Una de las múltiples escenas del Belén del Príncipe del Palacio Real de Madrid. Fuente.
Esa exuberancia chocó frontalmente con el protestantismo. En el siglo XVI, muchas regiones de Europa destruyeron sus belenes por considerarlos idolatría. Los puritanos ingleses fueron especialmente severos. Sin embargo, al cruzar el Atlántico, esa hostilidad se fue suavizando. En América, el belén se refugió en las casas, convertido más en adorno que en objeto de culto.

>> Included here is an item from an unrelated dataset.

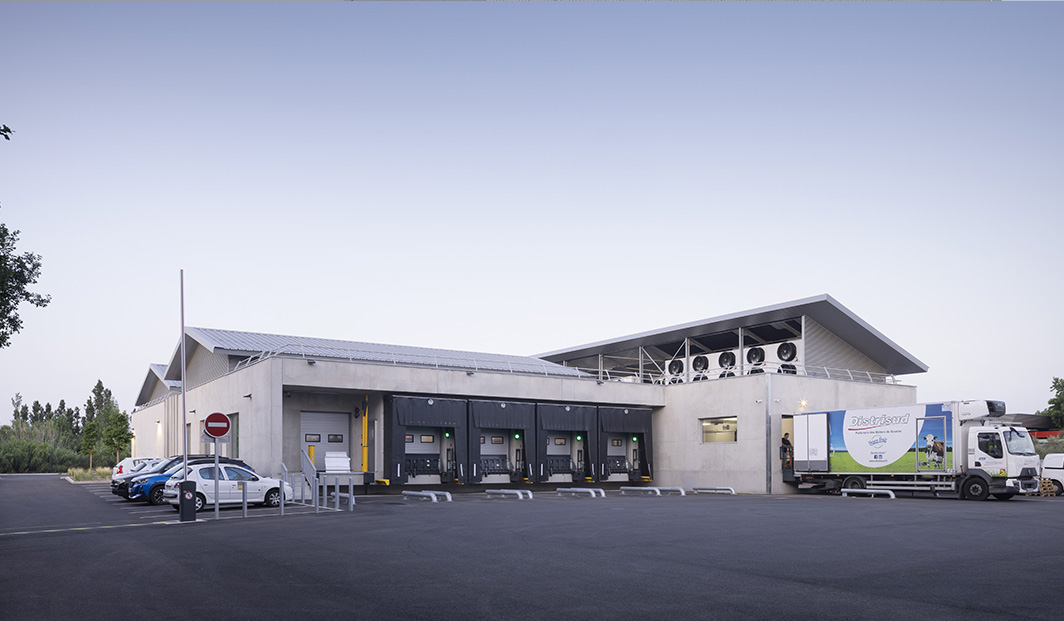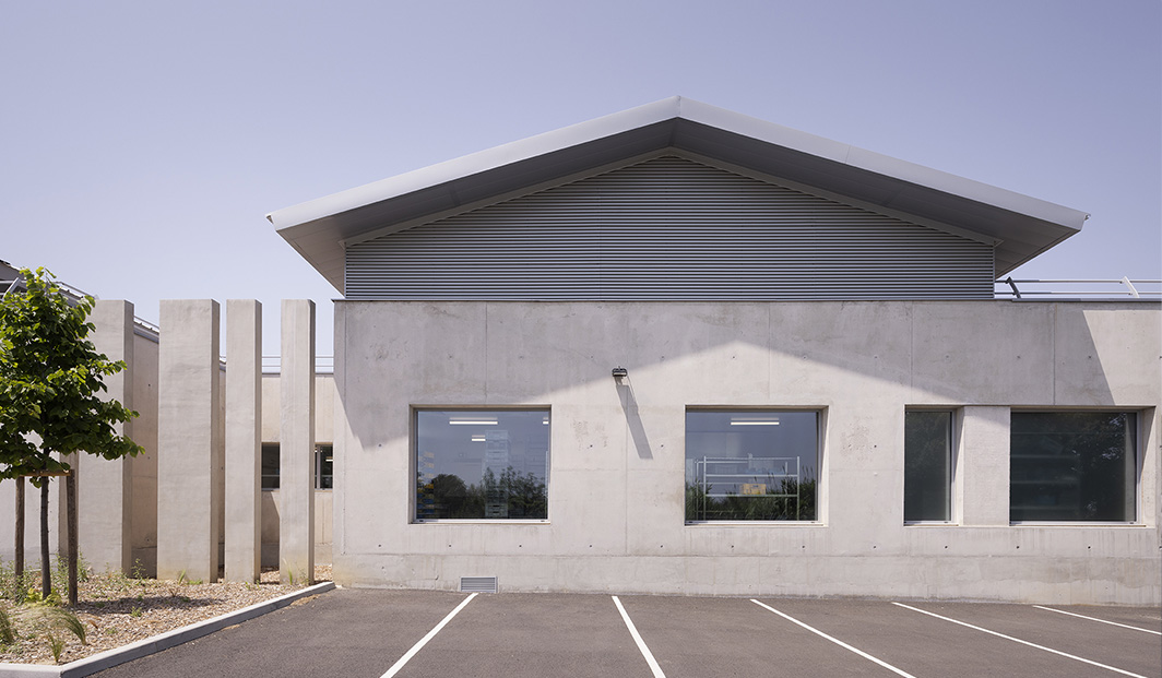 La compacité du bâtiment n’est pas ressentie par les usagers et visiteurs grâce aux vides des patios et à un jeu de toiture en pente (bac acier) semblant se poser délicatement sur la toiture plate. Cette disposition de toiture en pente nous permet d’éviter l’image d’un bâtiment monolithe mais répond aussi à des problématiques fonctionnelles. En effet, ces toitures servent de déflecteurs protégeant ainsi les zones de chargement/déchargement et les espaces de détente extérieurs des vents dominants.

Los moravos fundaron la ciudad de
Belén,
en Pensilvania, en 1741, y llevaron consigo sus escenas de la Natividad,
que incluían paisajes locales. En Francia, durante la Revolución, los santones
provenzales sobrevivieron a escondidas cuando las iglesias cerraron. El
belén demostró una capacidad extraordinaria para adaptarse: podía ser
clandestino, doméstico, popular o sofisticado, según las circunstancias.
En el siglo XXI, el belén se ha
vuelto un campo de batalla simbólico. Su presencia en espacios públicos genera
debates, recursos judiciales y provocaciones creativas. Desde belenes
alternativos promovidos por iglesias paródicas hasta escenas donde conviven la
Sagrada Familia y personajes de la cultura pop. Incluso el
Vaticano sorprendió en 2020 con un belén futurista que muchos compararon
con ciencia ficción. La tradición, lejos de fosilizarse, sigue mutando.
Y mientras tanto, en la Via San Gregorio Armeno de Nápoles, los artesanos continúan fabricando figuras nuevas cada año: futbolistas, políticos, pizzaiolos, celebridades. Entre ellos, el papa Francisco, que comparte nombre con el santo que hizo del belén un acto de cercanía. Nada parece fuera de lugar en ese pequeño universo.
El belén de 2020 en la Plaza de San Pedro, en el Vaticano. Foto de Vincenzo Pinto/AFP
Quizá ahí resida el secreto de su longevidad. El belén no es solo una escena del pasado; es una invitación. Permite a cada época, a cada cultura, colocarse junto al pesebre y mirarse en él. En miniatura, el mundo entero cabe alrededor de un niño indefenso. Y en ese gesto —tan simple, tan repetido— el cristianismo ha ido contando, sin palabras, su propia historia.